-- WORK REQUEST --
If an entry below holds a picture, skip the picture and copy everything else exactly.
• • • • •
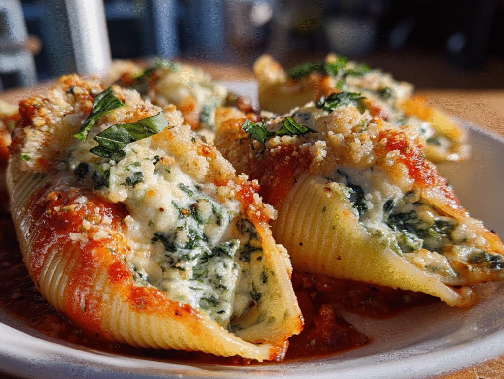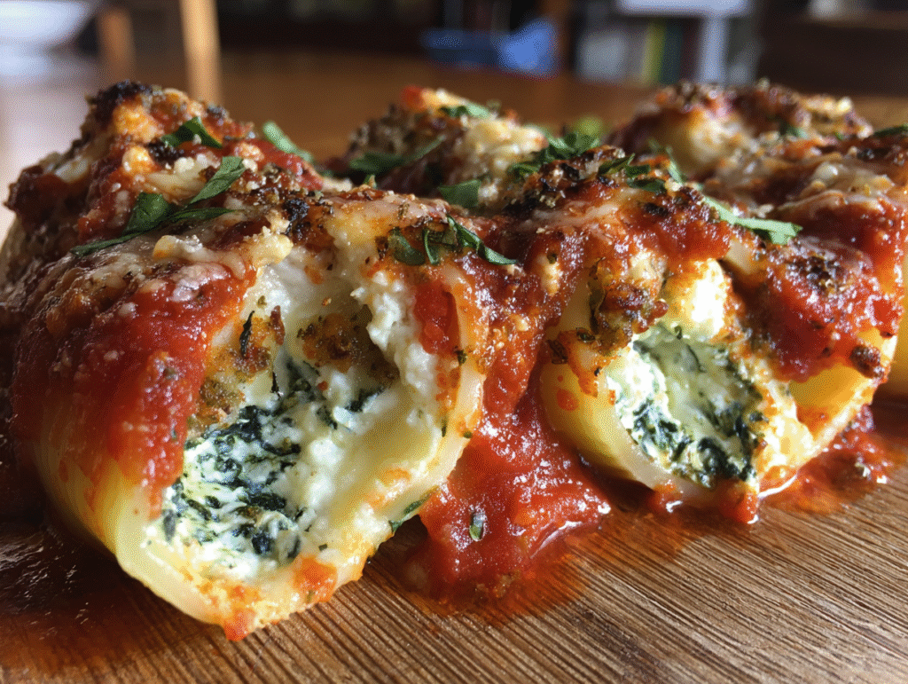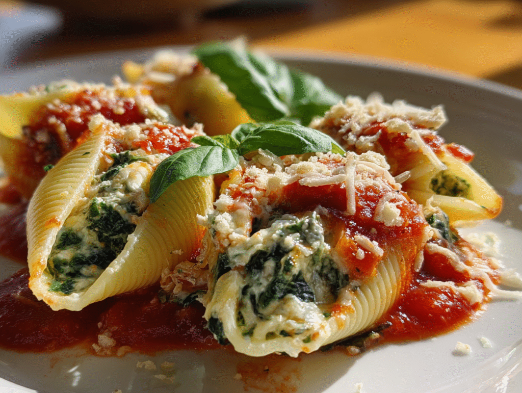 Unlike traditional baked pasta dishes that can feel heavy, this version offers a lighter, balanced approach. Each shell is stuffed with a luxurious mixture of ricotta, mozzarella, and sautéed spinach—infused with hints of garlic, basil, and Italian seasoning. Once smothered in a rich marinara sauce and baked to golden perfection, the result is a melt-in-your-mouth meal that’s both indulgent and nourishing.
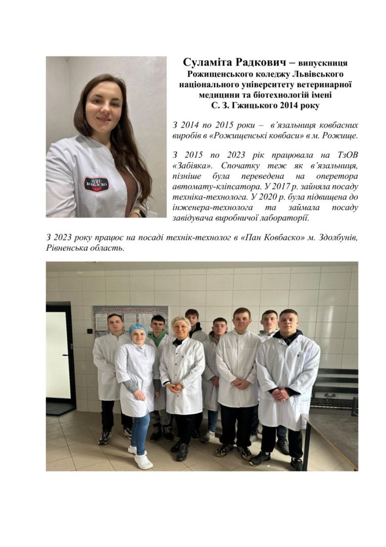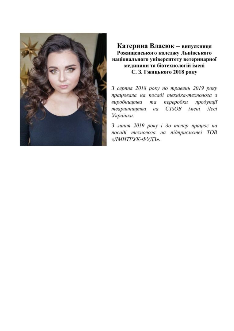 Наші випускники за ОПП Технологія виробництва і переробки продукції тваринництва
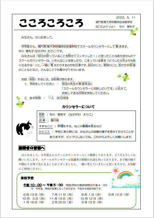実施日等についてはスクールカウンセラーだより「こころころころ」をご覧ください。
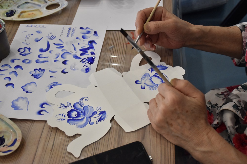 Первым событием проекта стал детский мастер-класс «Секреты гжельского мастерства»: юные участники узнали об истории народного промысла и создали макеты чайников со знаменитой росписью.
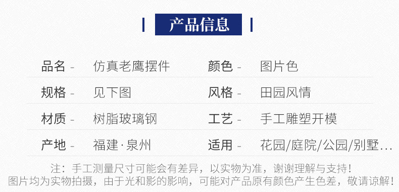 야외 정원 안뜰 풍경 장식 독수리 장식품 국경 간 시뮬레이션 독수리 유리 섬유 조각 수지 공예품
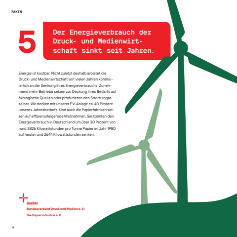 Energie ist kostbar. Nicht zuletzt deshalb arbeitet die Druck- und Medienwirtschaft seit vielen Jahren kontinuierlich an der Senkung ihres Energieverbrauchs. Zunehmend mehr Betriebe setzen zur Deckung ihres Bedarfs auf %u00f6kologische Quellen oder produzieren den Strom sogar selbst. Wir decken mit unserer PV-Anlage ca. 40%u00a0Prozent unseres Jahresbedarfs. Und auch die Papierfabriken setzen auf effizienzsteigernde Ma%u00dfnahmen. Sie konnten den Energieverbrauch in Deutschland um %u00fcber 30%u00a0Prozent von rund 3826 Kilowattstunden pro Tonne Papier im Jahr 1980 auf heute rund 2644%u00a0Kilowattstunden senken.5QuellenBundesverband Druck und Medien e. V.; Die Papierindustrie e. V.Der Energieverbrauch der Druck- und Medienwirtschaft sinkt seit Jahren. 14FAKT 5
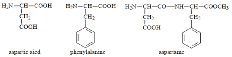 Aspartame có vị ngọt nên được sử dụng trong thực phẩm không đường dành cho người bị tiểu đường. Ở nhiệt độ cao aspartame bị phân hủy tạo các amino acid tự do không có vị ngọt.
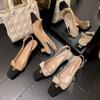 Elegante All-match Cor Combinando Arco Couro Completo 2022 Primavera Novo Estilo Fino Salto Médio Bico Quadrado Bico Arredondado Sandálias Femininas Costas Vazias Sapatos de Camada Única
• • • • •
-- OUTPUT BELOW --
 Unlike traditional baked pasta dishes that can feel heavy, this version offers a lighter, balanced approach. Each shell is stuffed with a luxurious mixture of ricotta, mozzarella, and sautéed spinach—infused with hints of garlic, basil, and Italian seasoning. Once smothered in a rich marinara sauce and baked to golden perfection, the result is a melt-in-your-mouth meal that’s both indulgent and nourishing.
 Наші випускники за ОПП Технологія виробництва і переробки продукції тваринництва
実施日等についてはスクールカウンセラーだより「こころころころ」をご覧ください。
 Первым событием проекта стал детский мастер-класс «Секреты гжельского мастерства»: юные участники узнали об истории народного промысла и создали макеты чайников со знаменитой росписью.
 야외 정원 안뜰 풍경 장식 독수리 장식품 국경 간 시뮬레이션 독수리 유리 섬유 조각 수지 공예품
 Energie ist kostbar. Nicht zuletzt deshalb arbeitet die Druck- und Medienwirtschaft seit vielen Jahren kontinuierlich an der Senkung ihres Energieverbrauchs. Zunehmend mehr Betriebe setzen zur Deckung ihres Bedarfs auf %u00f6kologische Quellen oder produzieren den Strom sogar selbst. Wir decken mit unserer PV-Anlage ca. 40%u00a0Prozent unseres Jahresbedarfs. Und auch die Papierfabriken setzen auf effizienzsteigernde Ma%u00dfnahmen. Sie konnten den Energieverbrauch in Deutschland um %u00fcber 30%u00a0Prozent von rund 3826 Kilowattstunden pro Tonne Papier im Jahr 1980 auf heute rund 2644%u00a0Kilowattstunden senken.5QuellenBundesverband Druck und Medien e. V.; Die Papierindustrie e. V.Der Energieverbrauch der Druck- und Medienwirtschaft sinkt seit Jahren. 14FAKT 5
 Aspartame có vị ngọt nên được sử dụng trong thực phẩm không đường dành cho người bị tiểu đường. Ở nhiệt độ cao aspartame bị phân hủy tạo các amino acid tự do không có vị ngọt.
 Elegante All-match Cor Combinando Arco Couro Completo 2022 Primavera Novo Estilo Fino Salto Médio Bico Quadrado Bico Arredondado Sandálias Femininas Costas Vazias Sapatos de Camada Única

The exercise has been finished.